For scripts that need predictable behavior:

rewget --rewget-no-fallback https://example.com/

The command exits with wget's original exit code if blocked.

Start at a Specific Stage

Skip earlier stages:

# Start at Stage 2 (impersonation)
rewget --rewget-fallback-stage=2 https://example.com/

# Start at Stage 3 (JS preflight)
rewget --rewget-fallback-stage=3 https://example.com/
# Or use the shorthand:
rewget --rewget-js https://example.com/

Custom Fallback Codes

By default, rewget retries on 403, 429, 503, and 520-529. Customize this:

# Only retry on 403
rewget --rewget-fallback-codes=403 https://example.com/

# Retry on specific codes
rewget --rewget-fallback-codes=403,429,503 https://example.com/

Disable Body Detection

rewget also checks response bodies for bot detection signatures.
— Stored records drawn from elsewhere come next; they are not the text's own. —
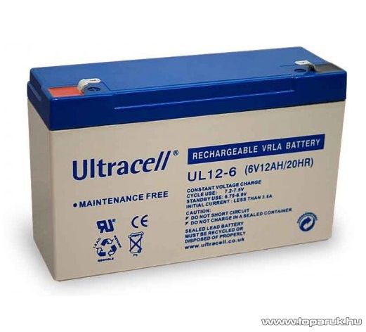 Ultracell 6V, 12Ah Zselés, ólom akkumulátor, gondozásmentes szünetmentes akku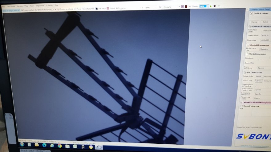 e questo il risultato su SharpCap 4.0 fotografato con lo smartphone sul display del PC:
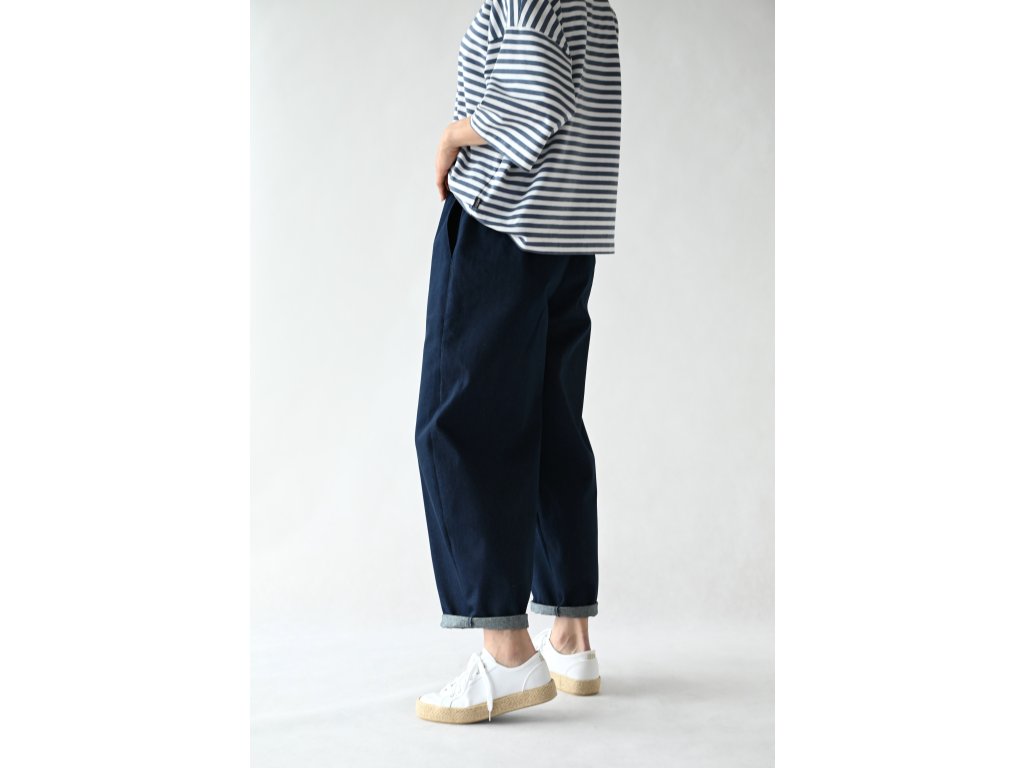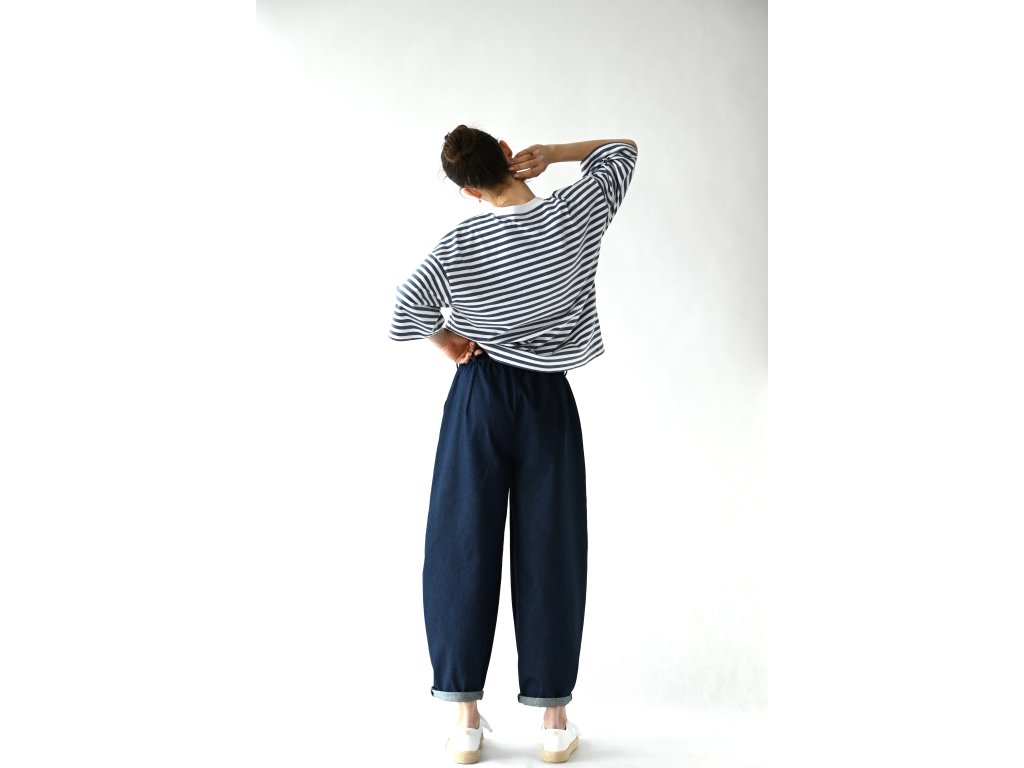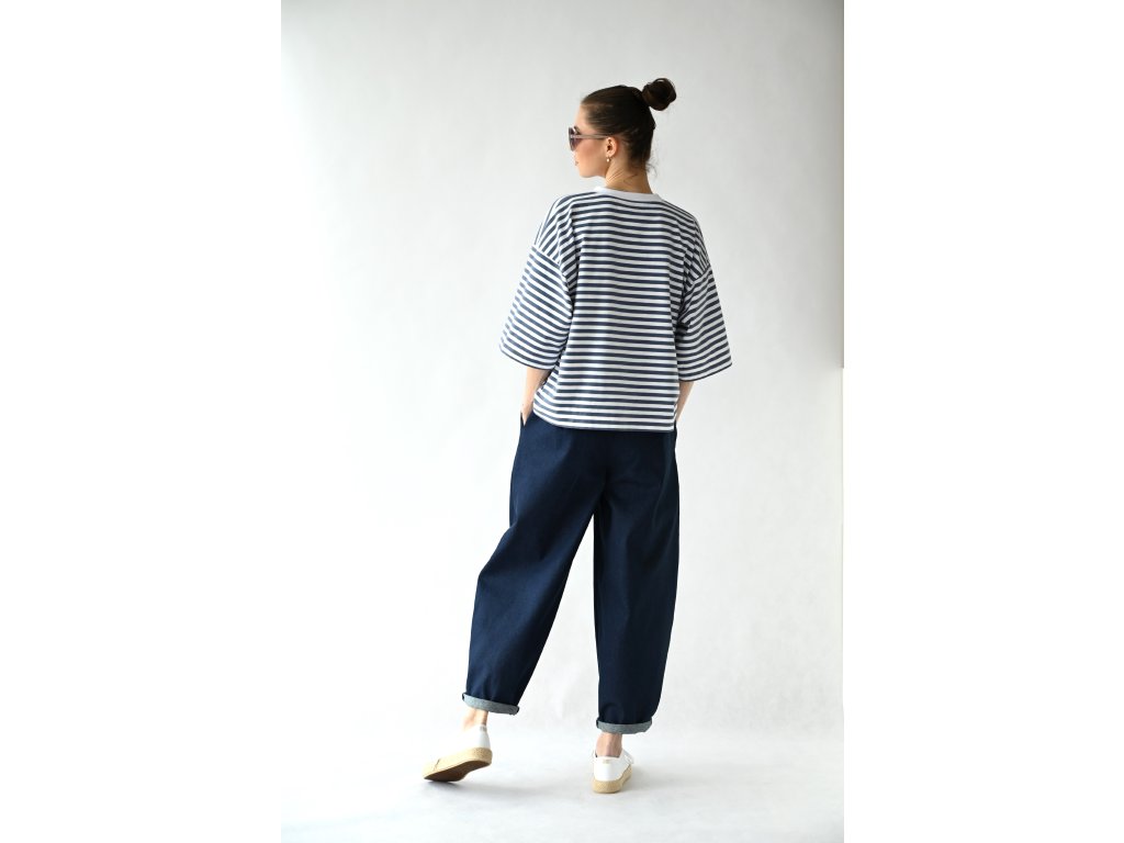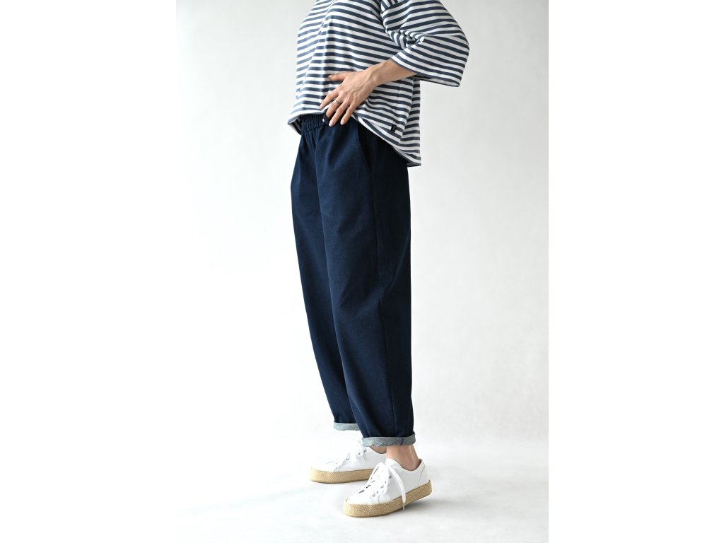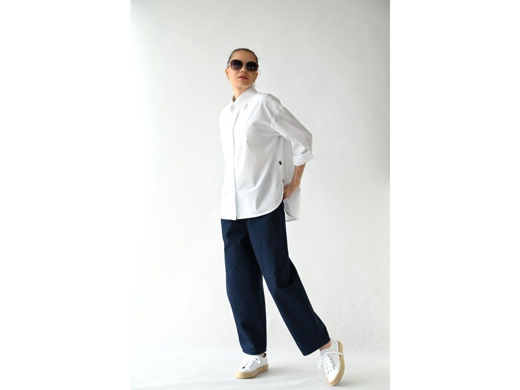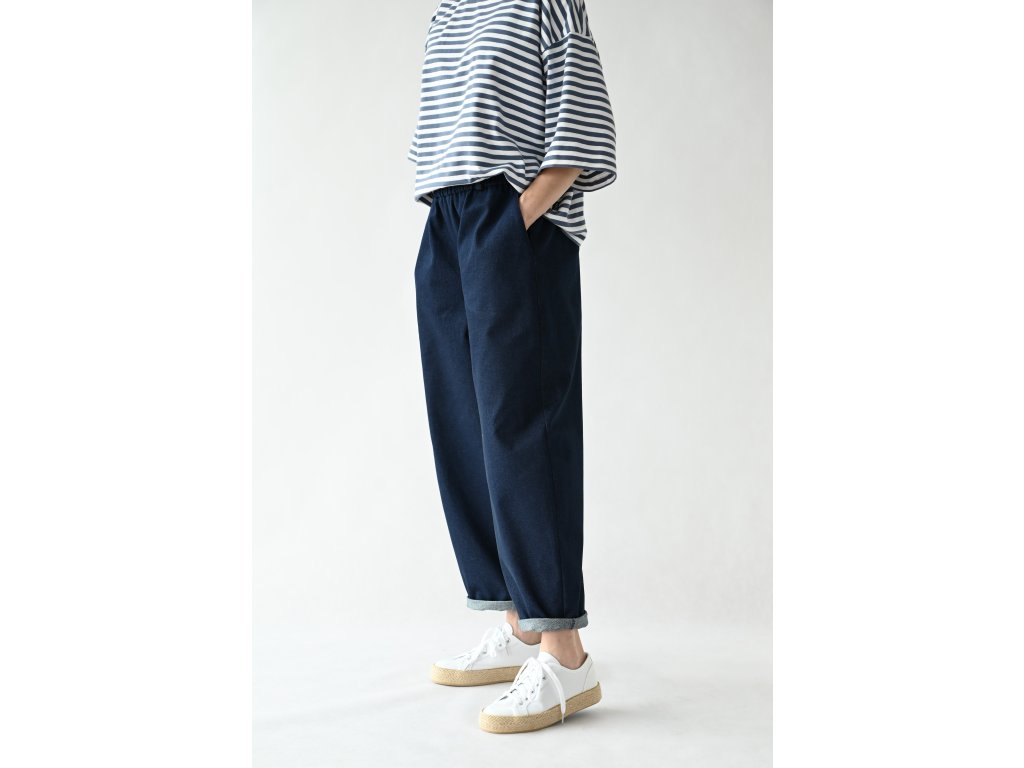 Kalhoty Kami mají volný barrel střih, který se směrem dolů zužuje. Mají kapsy na předním díle a v pase širokou pohodlnou gumu a poutka na pásek. Konec nohavic je podšitý, aby hezky držel tvar.

Disable this:

rewget --rewget-no-body-detection https://example.com/

Browser Profiles

List Available Profiles

rewget --rewget-list-profiles

Use a Specific Profile

rewget --rewget-profile=chrome_131 https://example.com/
rewget --rewget-profile=firefox_136 https://example.com/
rewget --rewget-profile=safari_18 https://example.com/

Update Profiles

Keep profiles current with the latest browser fingerprints:

rewget --rewget-update-profiles

Use a custom profile URL:

rewget --rewget-profile-url=https://my-server.com/profiles.json --rewget-update-profiles

Skip signature verification (not recommended):

rewget --rewget-no-verify --rewget-update-profiles

Verify a Profile

Check a profile's fingerprint details:

rewget --rewget-verify-profile=chrome_131

JavaScript Preflight Options

Wait Conditions

Control when Stage 3 considers the page ready:

# Wait for network to be idle
rewget --rewget-js --rewget-js-wait=networkidle https://example.com/

# Wait for specific element
rewget --rewget-js --rewget-js-wait=selector:#content https://example.com/

# Wait fixed time (milliseconds)
rewget --rewget-js --rewget-js-wait=delay:5000 https://example.com/

Chromium Management

Pre-download Chromium:

rewget --rewget-download-chromium

Check Chromium installation:

rewget --rewget-chromium-path

Domain Stage Caching

When a stage succeeds for a domain, rewget caches it to skip failed stages on future requests.

How It Works

# First request - tries Stage 1, fails, Stage 2 succeeds
$ rewget https://protected.example.com/file1.txt
[rewget] 403 Forbidden - retrying with impersonation...
[rewget] Success at Stage 2 (chrome_131)
[rewget] Cached: protected.example.com  Stage 2

# Second request - starts at Stage 2
$ rewget https://protected.example.com/file2.txt
[rewget] Using cached Stage 2 for protected.example.com

Cache Location

~/.cache/rewget/stage-cache.json

Clear Cache

rewget --rewget-clear-cache

Disable Cache

rewget --rewget-no-cache https://example.com/

Timeouts

Control how long each stage waits:

# Stage 1 timeout (uses wget's settings by default)
rewget --rewget-timeout-stage1=30000 https://example.com/

# Stage 2 timeout (default: 15 seconds)
rewget --rewget-timeout-stage2=30000 https://example.com/

# Stage 3 timeout (default: 30 seconds)
rewget --rewget-timeout-stage3=60000 https://example.com/

Daemon Control

rewget uses a daemon (rewgetd) for Stage 2/3 operations.

Daemon Modes

# Auto mode (default) - starts daemon when needed
rewget --rewget-daemon=auto https://example.com/

# Always use daemon
rewget --rewget-daemon=on https://example.com/

# Never use daemon (Stage 1 only)
rewget --rewget-daemon=off https://example.com/

Engine Selection

Choose between wget and wget2:

# Use wget (default)
rewget --rewget-engine=wget https://example.com/

# Use wget2
rewget --rewget-engine=wget2 https://example.com/

# Set via environment variable
RWGET_ENGINE=wget2 rewget https://example.com/

Output Control

Quiet Mode

Suppress rewget status messages:

rewget --rewget-quiet https://example.com/

Debug Mode

Enable verbose debug output:

rewget --rewget-debug https://example.com/

Combining Options

Options can be combined:

rewget \
  --rewget-profile=chrome_131 \
  --rewget-fallback-codes=403,429 \
  --rewget-timeout-stage2=30000 \
  --rewget-quiet \
  -O output.html \
  https://protected-site.com/page

Exit Codes

rewget uses wget's exit codes:

Code Meaning
0 Success
1 Generic error
2 Parse error
3 File I/O error
4 Network failure
5 SSL verification failure
6 Authentication required
7 Protocol error
8 Server error (includes 403, 404, etc.)

When fallback succeeds, rewget exits with 0 regardless of which stage worked.